BEGIN

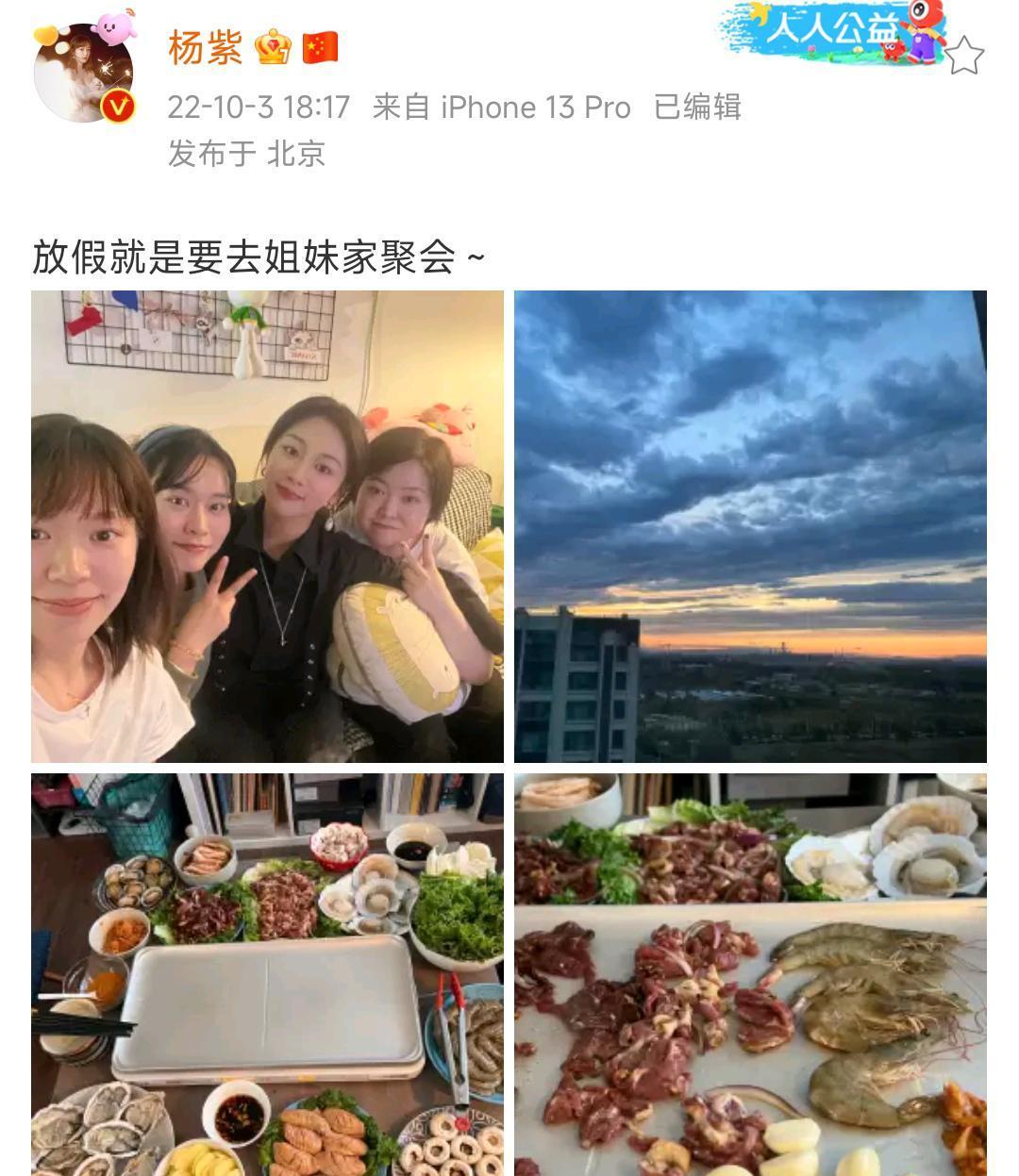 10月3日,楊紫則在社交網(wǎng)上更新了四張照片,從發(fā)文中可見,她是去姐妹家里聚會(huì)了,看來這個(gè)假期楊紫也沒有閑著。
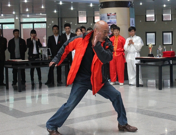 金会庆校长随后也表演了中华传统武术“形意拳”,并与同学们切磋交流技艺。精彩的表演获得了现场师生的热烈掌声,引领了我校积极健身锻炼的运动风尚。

END
BEGIN

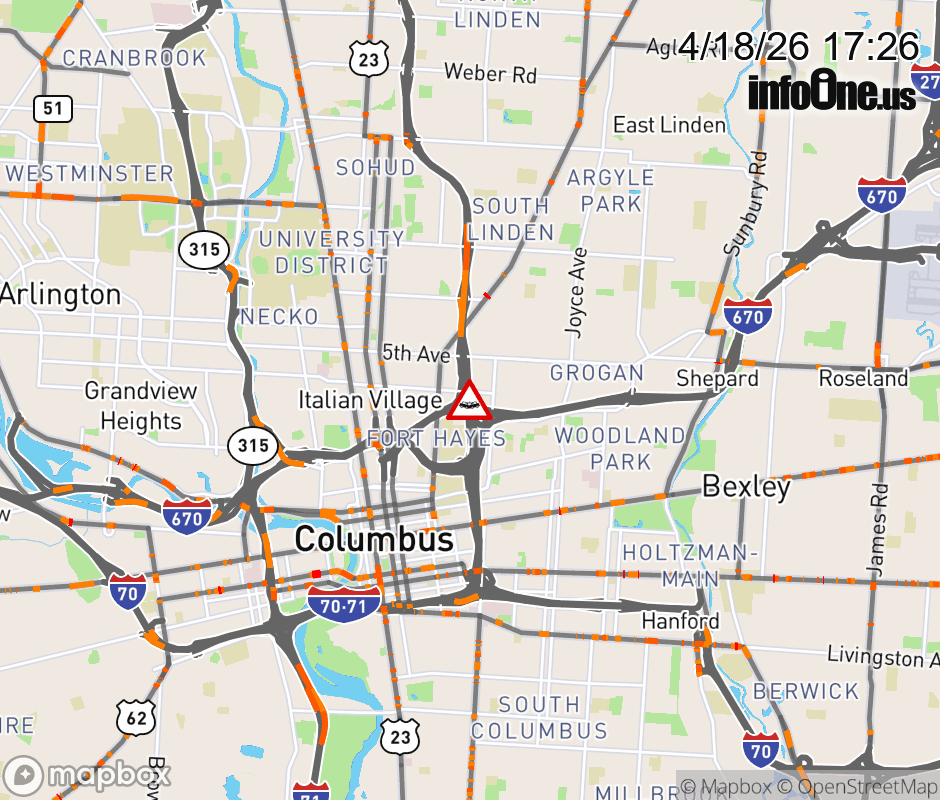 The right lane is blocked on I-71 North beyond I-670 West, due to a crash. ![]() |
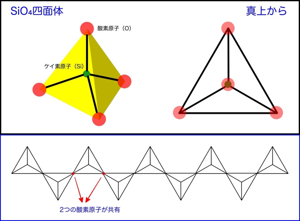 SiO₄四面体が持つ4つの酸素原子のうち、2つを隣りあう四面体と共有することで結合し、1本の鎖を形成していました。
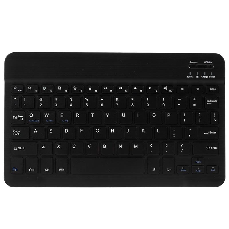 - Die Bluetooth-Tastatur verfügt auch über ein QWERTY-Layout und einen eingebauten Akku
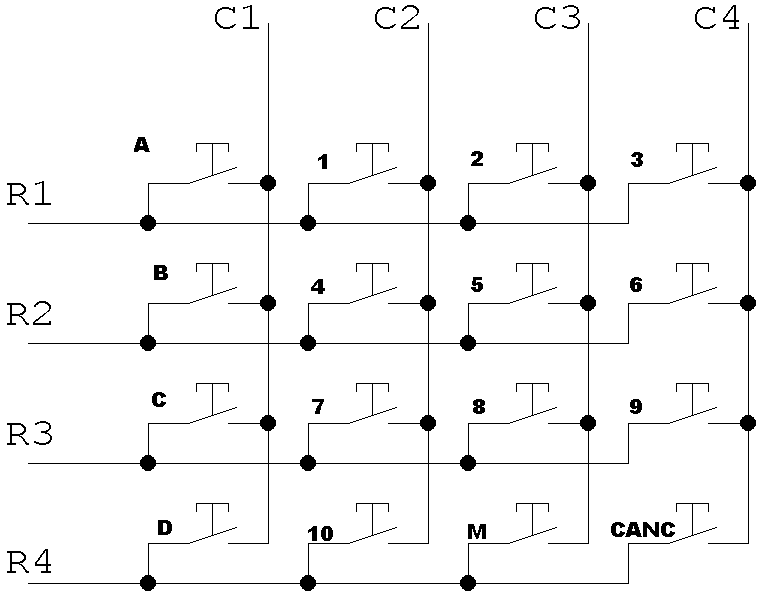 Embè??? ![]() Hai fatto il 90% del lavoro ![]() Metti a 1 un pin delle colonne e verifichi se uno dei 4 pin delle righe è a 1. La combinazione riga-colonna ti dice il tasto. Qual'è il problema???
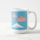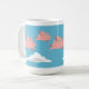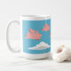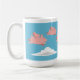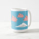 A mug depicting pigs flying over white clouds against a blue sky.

END
BEGIN

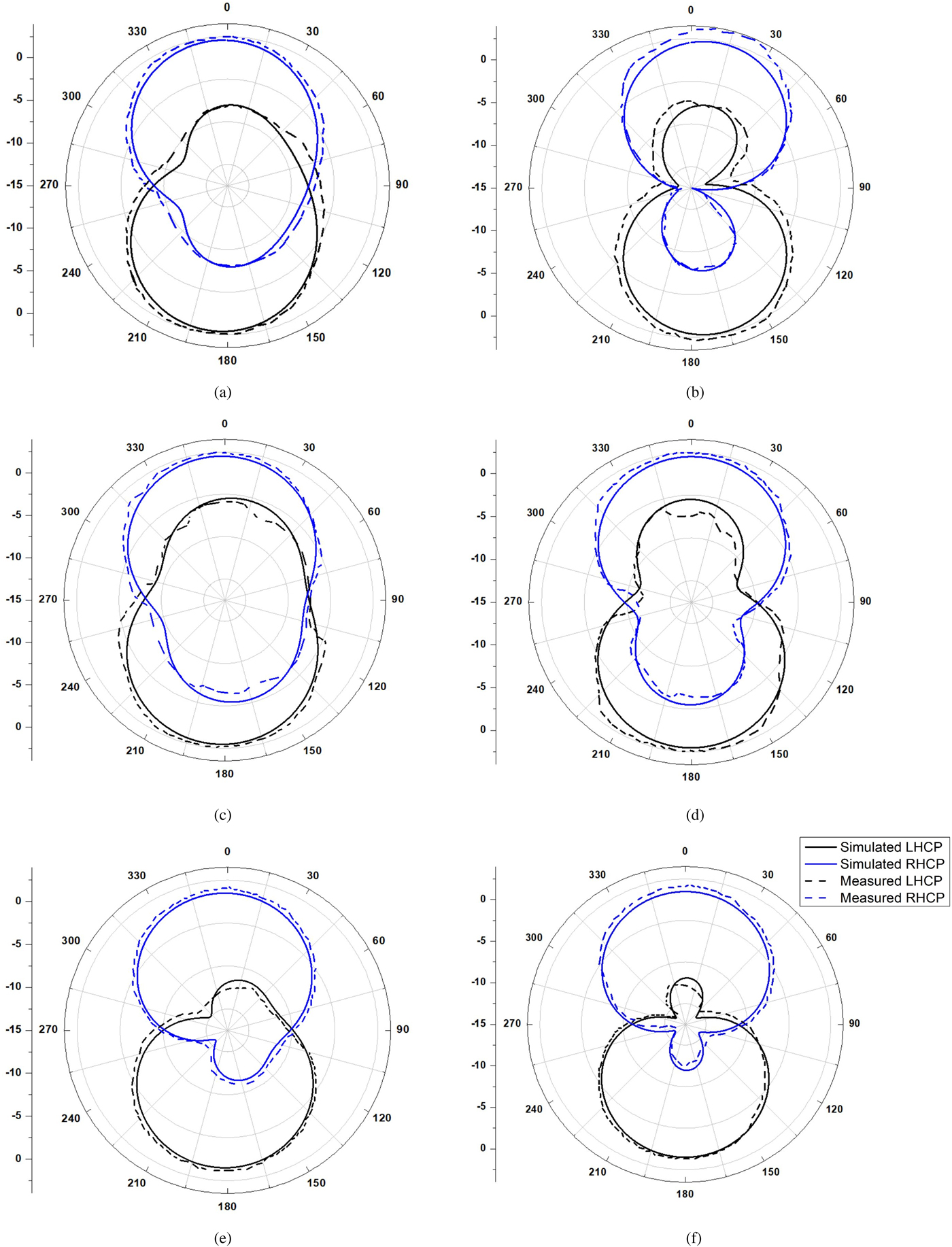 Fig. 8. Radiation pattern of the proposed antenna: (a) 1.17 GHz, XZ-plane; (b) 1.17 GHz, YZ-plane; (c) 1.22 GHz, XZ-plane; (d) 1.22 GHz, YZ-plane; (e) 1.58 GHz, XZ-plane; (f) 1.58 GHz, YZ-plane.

END

#### [What the task requires]
Look above for the line with "- Die Bluetooth-Tastatur", then give again exactly every line from there through the line with "A mug depicting", skipping the pictures.

#### [The completed task]
 - Die Bluetooth-Tastatur verfügt auch über ein QWERTY-Layout und einen eingebauten Akku
 Embè??? ![]() Hai fatto il 90% del lavoro ![]() Metti a 1 un pin delle colonne e verifichi se uno dei 4 pin delle righe è a 1. La combinazione riga-colonna ti dice il tasto. Qual'è il problema???
 A mug depicting pigs flying over white clouds against a blue sky.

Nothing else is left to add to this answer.